Indian environmentalist

Peepal Baba or Swami Prem Parivartan is an environmentalist who along with his team has planted over 20 million trees in 202 districts across 18 states in India. He was born to a doctor of Indian Army on 26 January 1966 in Chandigarh, India. His English teacher inspired him at the age of 11 to plant trees in 1977. He is the founder of Give Me Trees Trust which was later registered as a non-governmental organisation in 2011. He took asceticism in 1984 from Osho Rajneesh, who gave him the name "Swami Prem Parivartan". Now he also is an inspiration for others interested in the Nature.

==Early life==
Peepal Baba was born on 26 January 1966 in Chandigarh, India as Azad Jain.
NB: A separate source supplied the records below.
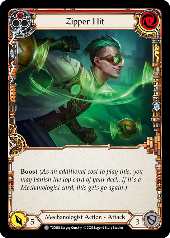 Boost (As an additional cost to play this, you may banish the top card of your deck. If it's a Mechanologist card, this gets go again.)
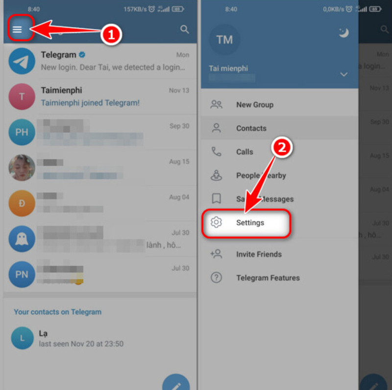 Để lấy link Telegram cá nhân của bạn, đầu tiên hãy đăng nhập vào tài khoản Telegram. Sau khi vào ứng dụng, bạn sẽ thấy góc trái trên cùng của màn hình có biểu tượng dấu ba gạch, hãy nhấn vào đó để mở menu. Tiếp theo, chọn phần “Cài đặt” để tiếp tục.
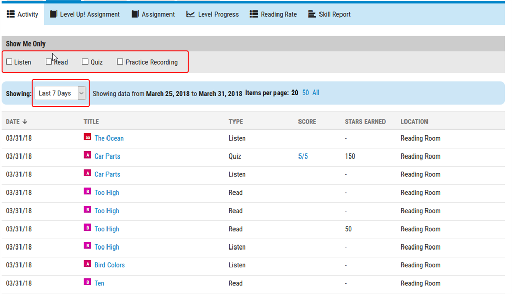Báo cáo này cho bố/mẹ biết chi tiết con đã nghe, đọc, ghi âm, trả lời câu hỏi và kết quả làm quiz của con đối với từng book cụ thể. Đối với báo cáo này bạn có thể chọn chỉ xem những sách mà con đã ghi âm hoặc đã làm quiz bằng cách click vào tùy chọn ở phía trên báo cáo, phần Show me Only.
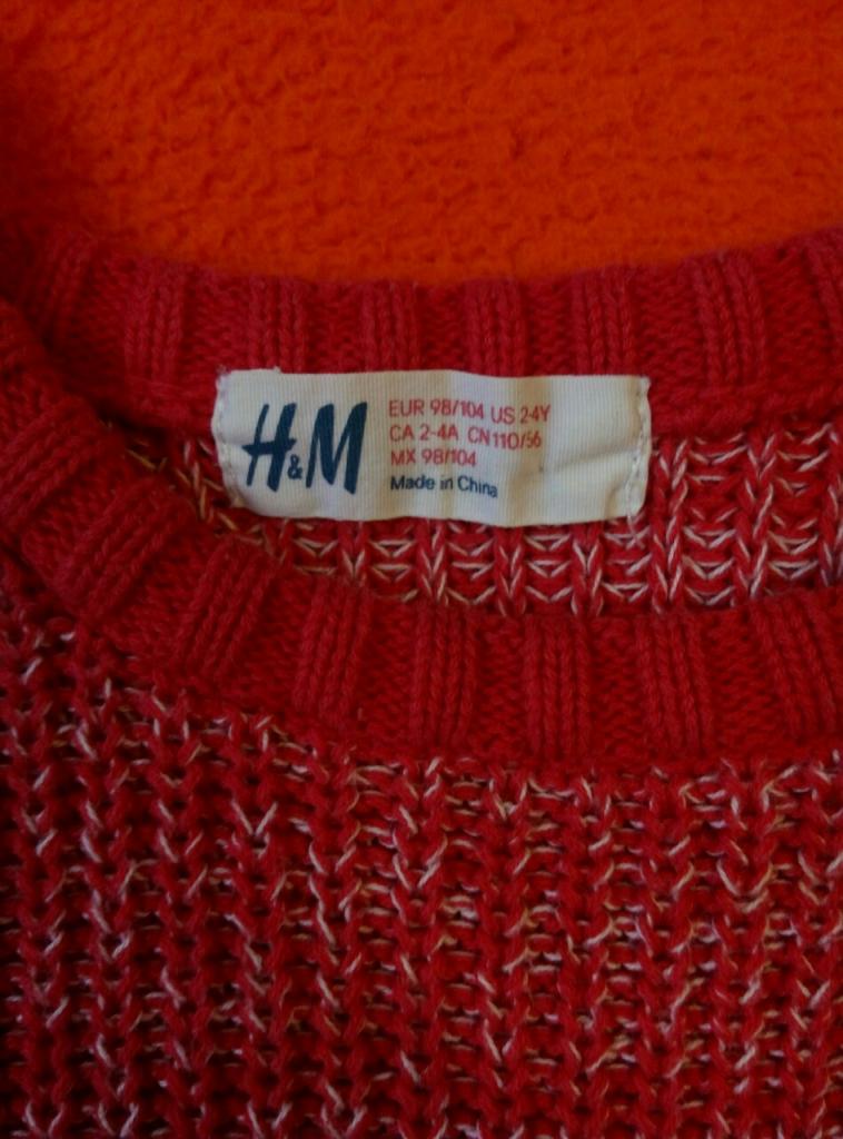 2) Свитер h&m, вязан., х/б, красного меланж.цвета, с карманчиком/вставка синего цв. размер указан 2-4г, 98-110см, Стильно смотрится! под джинсы/брюки темного цвета! - 150грн
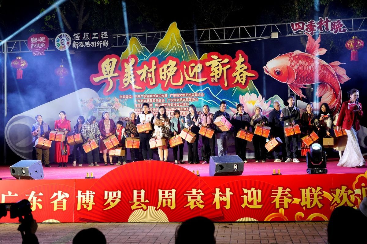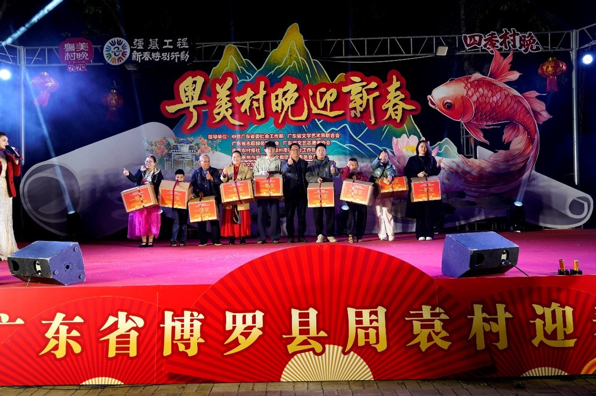 春临罗浮,福满乡村。2月8日晚,惠州市博罗县长宁镇周袁村文化广场灯火通明、欢声如潮。“粤美村晚迎新春”——广东省文艺志愿服务“百千万工程”暨2026年周袁村春节联欢晚会在这里热烈上演。一场由村民自编自导、自演自赏的乡村文化盛宴,在熟悉的乡音与热烈的掌声中,拉开丙午新春的温暖序幕。
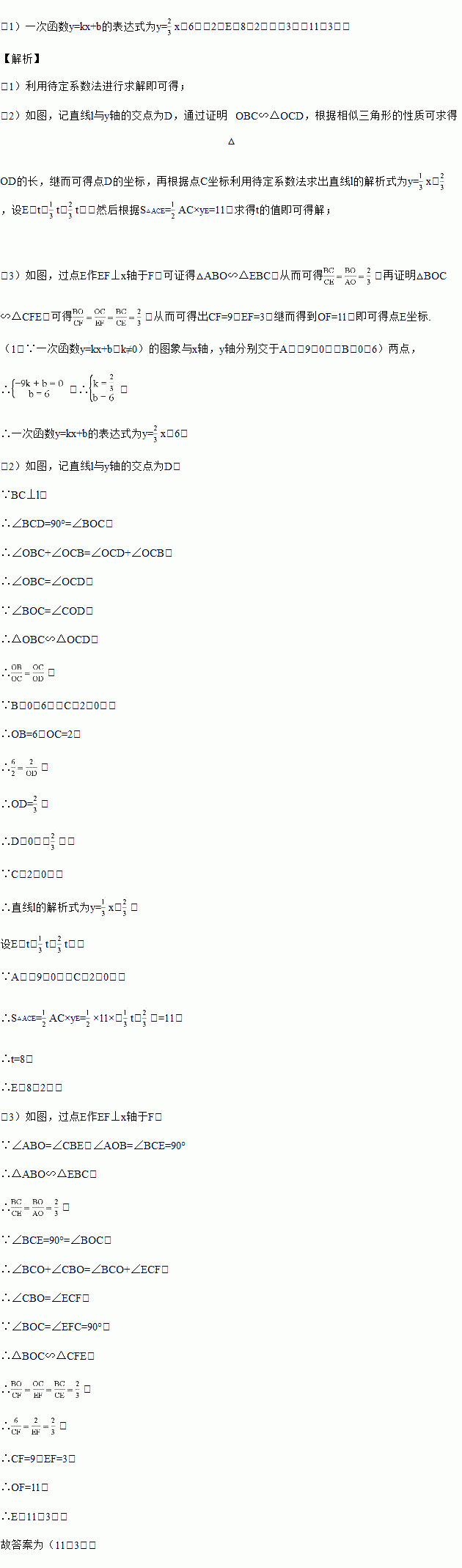 如图,一次函数y=kx+b(k≠0)的图象与x轴,y轴分别交于A(﹣9,0),B(0,6)两点,过点C(2,0)作直线l与BC垂直,点E在直线l位于x轴上方的部分.

His English teacher inspired him at the age of 11 to plant trees on Range Hills Road at Kirkee Military Station in 1977. He planted his first trees on 26 January 1977 in a hobby club in Pune. Since then he has been planting trees.

He completed his master's degrees in English literature and journalism. His father served as a doctor in the Indian Army.

==Career==

He took asceticism in 1984 from Osho Rajneesh, who gave him the name "Swami Prem Parivartan". He founded the Give Me Trees Trust in 2010 after years of planting trees independently on his own. He later got it registered as a non-governmental organisation in 2011.

During the period of COVID pandemic, he and his team continued on their mission to plant trees following social distancing norms. Within a period of around 43 years, he and his team has managed to plant 20 million trees in 202 districts across 18 states of India.